Baker | … | … | … | … | Adams | … |
0 | 1 | 2 | 3 | 4 | 5 | 6 |
“Clarke” hashes to 6, and slot 6 is empty.
Baker | … | … | … | … | Adams | Clarke |
0 | 1 | 2 | 3 | 4 | 5 | 6 |
“Doe” hashes to 3, and slot $3 \mod 7$ is empty, so “Doe” can be inserted there.
Baker | … | … | Doe | … | Adams | Clarke |
0 | 1 | 2 | 3 | 4 | 5 | 6 |
“Evans” hashes to 5, but slot 5 is occupied by Adams.
We consult our second hashing function, which says that “Evans” hashes to 5. We check slot $(5 + i * h_2(“Evans”)) \mod 7$ $= (5 + 1*5) \mod 7 = 3$
That slot is occupied by “Doe”.
We bump $i$ up to 2, and check slot $(5 + i * h_2(“Evans”)) \mod 7$ $= (5 + 2*5) \mod 7 = 1$
Slot 1 is empty, so we put “Evans” there.
Baker | Evans | … | Doe | … | Adams | Clarke |
0 | 1 | 2 | 3 | 4 | 5 | 6 |
Define $\lambda$,the load factor of a hash table, as the number of items contained in the table divided by the table size. In other words, the load factor measures what fraction of the table is full. By definition, $0 \leq \lambda \leq 1$.
Given an ideal collision strategy, the probability of an arbitrary cell being full is $\lambda$.
Consequently, the probability of an arbitrary cell being empty is $1-\lambda$
The average number of cells we would expect to examine before finding an open cell is therefore $\frac{1}{1-\lambda}$.
Now, we never look at more than hSize
spaces, so, for an ideal collision strategy, finds and inserts are, on average,
\[ O\left(\min\left(1/(1-\lambda), \mbox{hSize}\right)\right) \]
Here you can see the behavior of the function $1/(1-\lambda)$ as the load factor, $\lambda$ increases.
If the table is less than half full ( $\lambda < 0.5$ ), then we are talking about looking at, on average, no more than 2 slots during a search or insert. That’s not bad at all. But as $\lambda$ gets larger, the average number of slots examined grows toward hSize
(and, if the table is getting full, then N
is approaching hSize
, so we are once again degenerating toward O(N) behavior).

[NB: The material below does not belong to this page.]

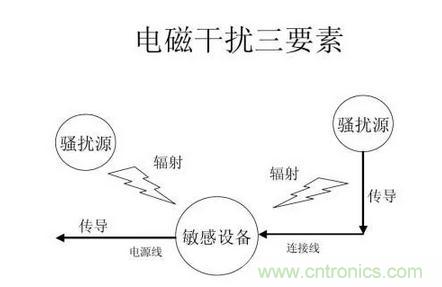 電源在向系統(tǒng)提供能源的同時(shí),也將其噪聲加到所供電的電源上。電路中微控制器的復(fù)位線,中斷線,以及其它一些控制線最容易受外界噪聲的干擾。電網(wǎng)上的強(qiáng)干擾通過(guò)電源進(jìn)入電路,即使電池供電的系統(tǒng),電池本身也有高頻噪聲。模擬電路中的模擬信號(hào)更經(jīng)受不住來(lái)自電源的干擾。

So, the rule of thumb for hash tables is to keep them no more than half full. At that load factor, we can treat searches and inserts as $O(1)$ operations. But if we let the load factor get much higher, we start seeing $O(N)$ performance.

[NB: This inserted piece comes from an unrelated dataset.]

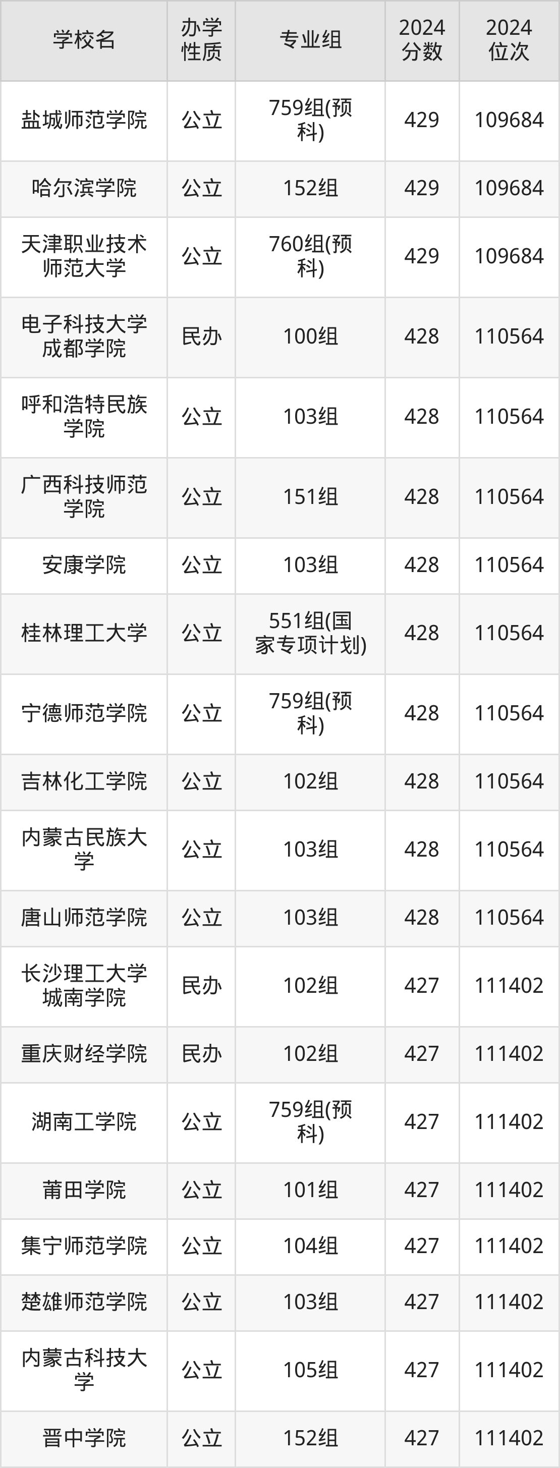 | 学校名 | 专业组 | 2024 分数 | 2024 位次 |

Of course, none of the collision resolution schemes we’ve suggested is truly ideal, so keeping the load factor down to a reasonable level is probably even more important in practice than this idealized analysis would indicate.
And quadratic probing does tell us that it is guaranteed to work if the table size is a prime number and if $\lambda < 2$, so if we are going to keep the table no more than half-full anyway, quadratic probing winds up being an attractive choice.